Finding out your pregnant is one of the most exciting and emotional moments in a woman’s life. Giving birth to a child, is a feeling alike a inaugural moment in time. That specific day and time will always be memorable because that was the time your child was brought to life. During pregnancy there are many possible things that happen and don’t happen during in utero. During my pregnancy with my son Jack, I was so worried and scared of him having disabilities or birth defects, and possible premature birth. I not once did i think about the 7,0000 rare diseases out there.
As many of you parents know raising a healthy child is tough as it is. Can you image what it's like raising a child with a rare diseases, who’s fighting for their live? Well I can and it's an emotional and physical roller coaster ride! You become sleep deprived, paranoid, you pretty much isolate yourself from friends and family with small children for about the first 2-4 years (depending). You have doctor and therapy appointments, paperwork to fill out, phone calls to make, work (if possible), all while maintaining a sane and “normal” living for you and your child. Jack was born 36 weeks premature, he was in NICU 1 month and 3 weeks. He had a blood transfusion at less than a month old and surgery for a gastro tube and fundoplacation. He had low O2 and "noisy breathing" called Laryngomalacia. All up till 17 months of his life he was somewhat stable, still requiring O2 while asleep. His oxygen stats would drop low. But that all changed September 23, 2014; it was noon and after getting ready for the day and getting Jack ready he began falling asleep so I put his cannula on and turned on his O2 machine. He slouched down the bed and when I went up to lay him right his face was blue! I called 911 and stayed in the hospital for 3 weeks. After countless tests and ultrasounds he came out positive for Congenital Central Hypoventilation Syndrome or also know as "Ondine's curse". October 16, my mom's birthday.
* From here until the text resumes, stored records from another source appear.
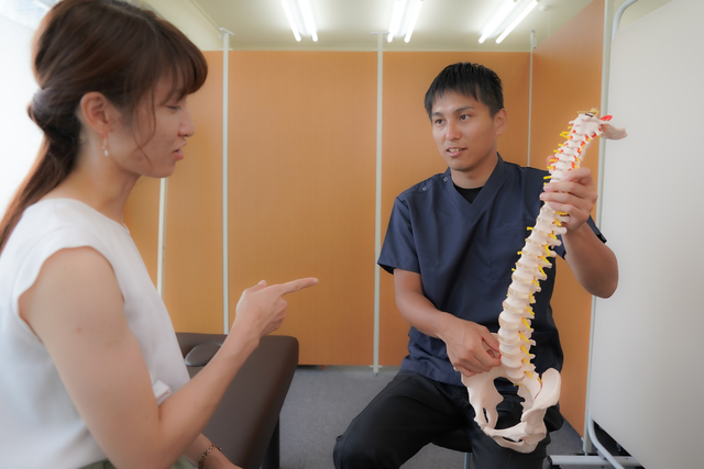①施術後に再検査を行い、身体の変化を確認して、体感してもらいます。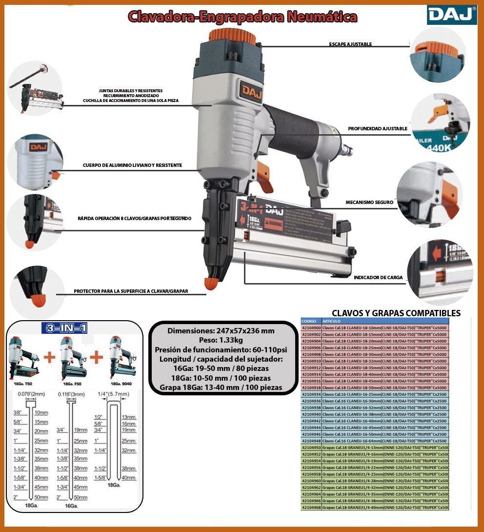 Clavadora Engrapadora Neumatica Grapa C.18-clavo C.16-18 Da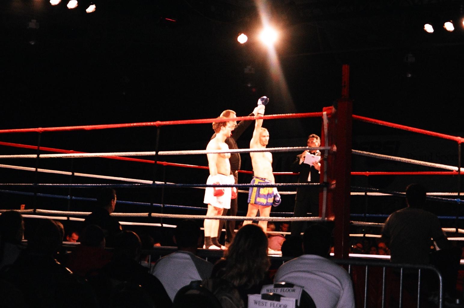 The final started off oddly as Brackenbury’s name was announced and it took him 5 or 6 minutes to actually walk down to the ring. Trevor came down to the now familiar refrain of TNT by ACDC. Smandych started off with some nice middle kicks. Brackenbury is strong as well throwing combos with hands and feet to the body and head, though it should be noted that Trevor shelled nicely for most of Brackenbury’s flurries. Trevor on the whole was the more aggressive fighter who initiated the exchanges.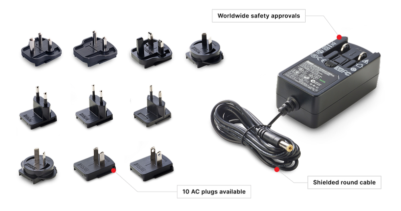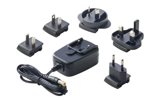 Switching wall mount power supplies (changeable AC plugs). Separately connectable plugs for Europe (W2E), G. Britain (W3U), USA, Canada, Japan, Taiwan (W2), Australia (W2A), China (W2C) and Korea (W2K). Connectors 2.1x5.5, cable length 1.4m.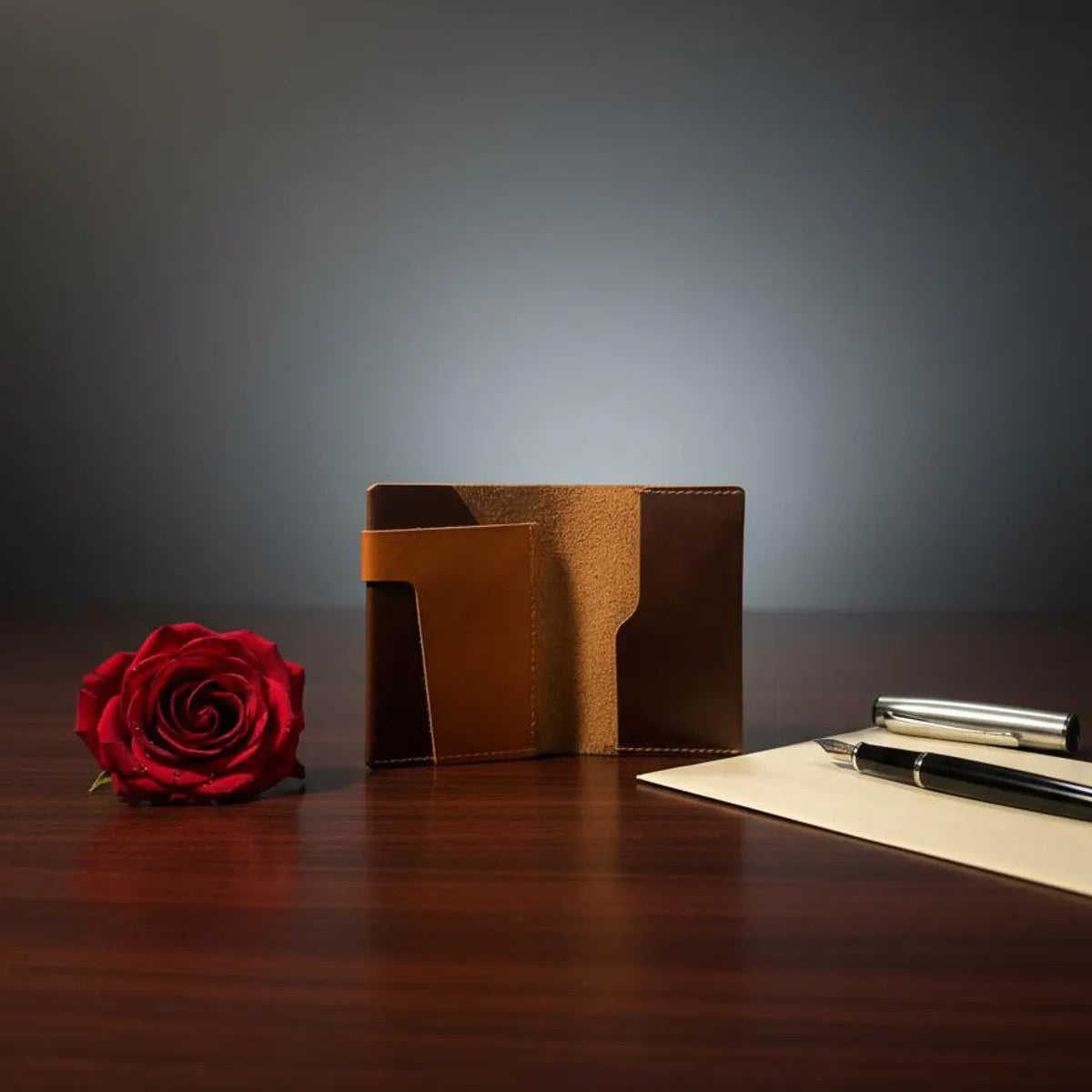 Brown Slim Leather Bifold Minimalist Front Pocket Card Holder Premium Full-Grain Two-Tone Genuine Leather Wallet For Men & Women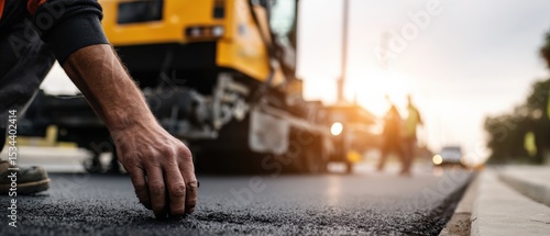Road worker smoothing asphalt with hand during road construction at sunset Concept of infrastructure, manual labor, and roadworks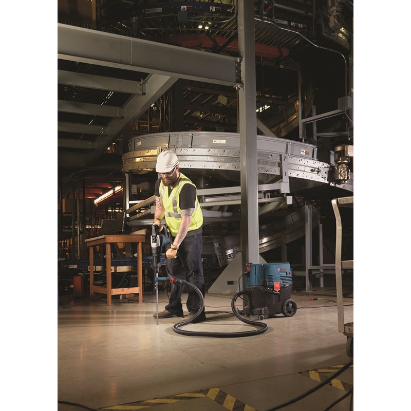 The Bosch Speed Clean bit connected to vacuum system cuts hole-drilling process by 50% less versus the standard hand-cleaning method. A proprietary Bosch design allows dust and debris to be removed through the milled center of the bit. Dust reduction, which reduces friction on the bit, also increases drilling speed by 25 percent. A rubber adapter is provided with every Bosch Speed Clean bit. Bit life is comparable to Bulldog and SpeedX bits. System also reduces airbourne silica dust, a known contributor to respiratory illnesses.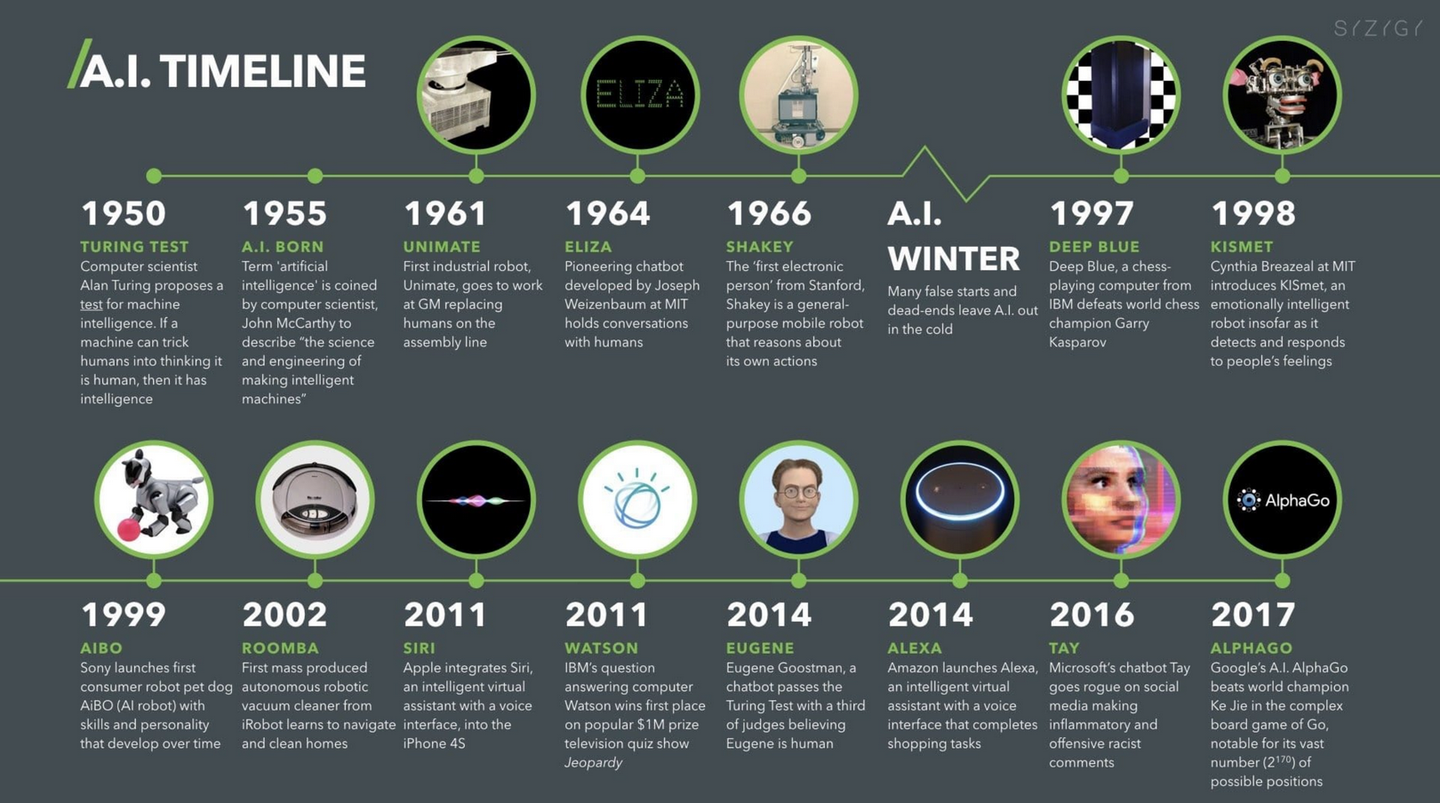 1997 深南战胜国际象棋冠军 2011 siri诞生 2012 深度学习开始(图像识别等) 2017 阿尔法狗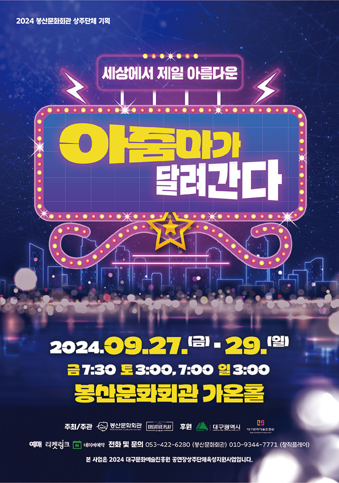 #대구연극 #대구뮤지컬 #대구공연 #대구문화 #대구공연정보 #봉산문화회관 #연극_아줌마가달려간다 #창작플레이 #대구일반인연극 #대구일반인극단 #해아람 #포시즌스카이 #대명공연거리

He got discharged from the hospital.
During our first week of Jack being at home he was required to be on his vent and O2 for 24/7. I was beyond overwhelmed!! If i needed to do anything outside our room, I simply couldn’t without the help of my grandmother watching Jack. Even my mom took days off from work to help me out. I immediately called Medically Fragile Children and was approved for 80 hours of nursing. We now have a day and night nurse. when Jack got trached he was 17 months old. So before that he lived 16 months trache free so this new device was new and foreign to him. Today Jack turned 20 months. He has had the trache for two months and has somewhat adjusted to it…well like he has a choice. I soon hope he outgrows his airway defects so he can be a possible candidate for diaphragm pacers or a bi-pap mask.
In simple terms CCHS means he will require life support for the rest of his life while he sleeps. As his mother I do worry about the unknowns. I worry about the things I can’t change, but i have very high hopes for his future. Proper ventilation is key! Throughout this whole experience it has proven to me that I am a strong woman; decision making, educating, learning, adapting, and loving. I am my son’s only advocate. I sit here and ponder, life can always be worse, so we will not let one minor syndrome get in the way of enjoying the simplicity of life. Life is precious and so delicate. Us as human beings take it for granted, especially breathing. Always remember somewhere in the world there is a child fighting for their next breath.
To my dearest Jack Ian,
Baby, you may be rare but you are beyond perfect in my eyes. Momma loves you!